‘Perfection’: South Korea’s Kim Si-woo makes historic 238-yard ace on one of the Open’s most menacing holes
CNN
It had been a relatively unremarkable Open Championship for Kim Si-woo as he stepped up to Royal Troon’s notorious penultimate tee on Saturday. One perfect thump of his three-iron later, the South Korean made history.

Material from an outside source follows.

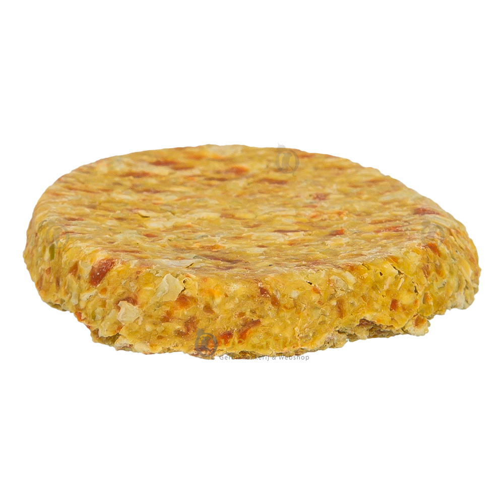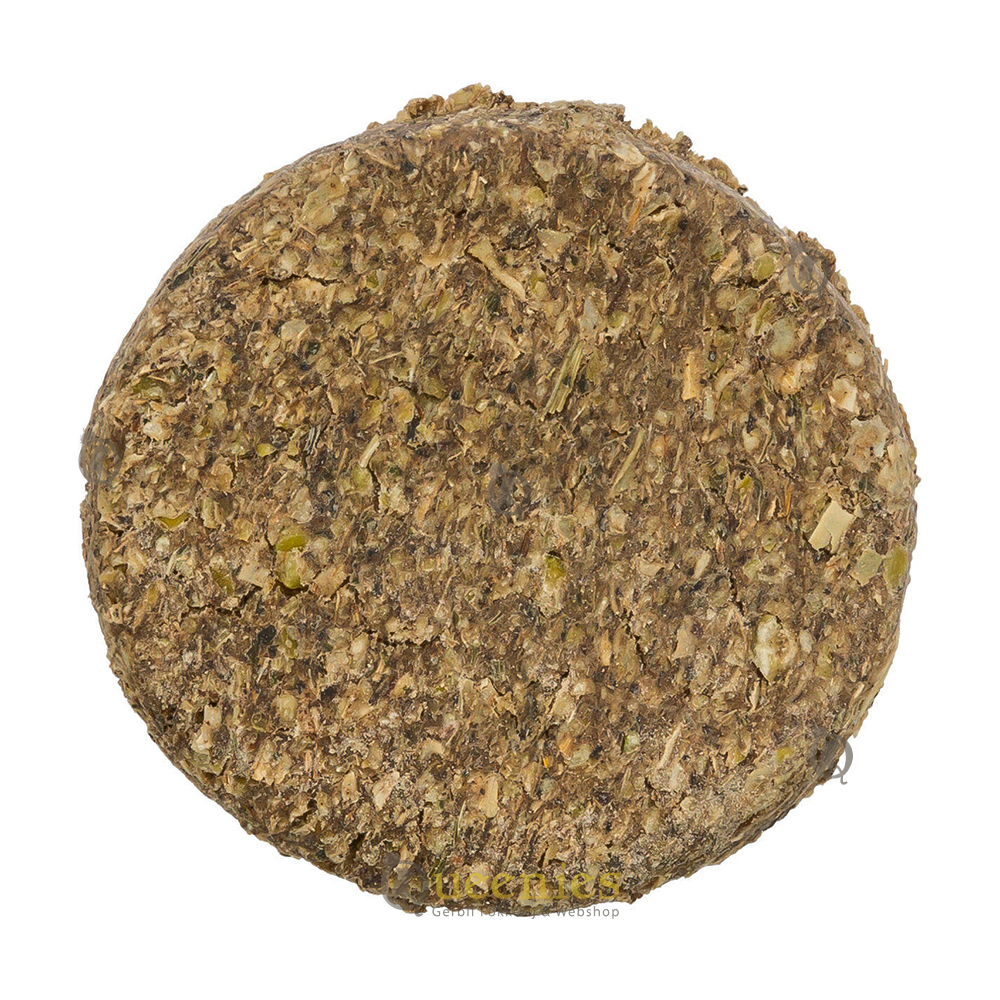 De variant met paardenbloem bevat onder andere bergweidehooi en peterselie voor een kruidige toets. Rode biet zorgt voor een iets zoetere smaak met meer eiwitten, terwijl wortel juist wat zachter van smaak is en geliefd is bij kieskeurige knagers.

It had been a relatively unremarkable Open Championship for Kim Si-woo as he stepped up to Royal Troon’s notorious penultimate tee on Saturday. One perfect thump of his three-iron later, the South Korean made history. The four-time PGA Tour winner struck the first hole-in-one ever recorded on the 17th hole during the major at the fabled Scottish course, acing from 238 yards to light up the end of his third round. Nicknamed “Rabbit”, the par-three has garnered a reputation for being one of the course’s most menacing challenges across the 10 Opens hosted at Royal Troon since 1923. Playing as the sixth hardest hole during the second round, a sharply sloping green guarded by four deep bunkers makes leaving with par “gold,” according to tournament organizers. That was more than Si-woo had managed before Saturday, having double bogeyed and bogeyed the 17th hole across his opening two rounds. Imagine his shock then, when the shrieks of the crowds gathered by the green rippled back up the fairway. “I went back to the bag and there were people yelling at me … I didn’t realize the ball had gone in,” Si-woo later told reporters.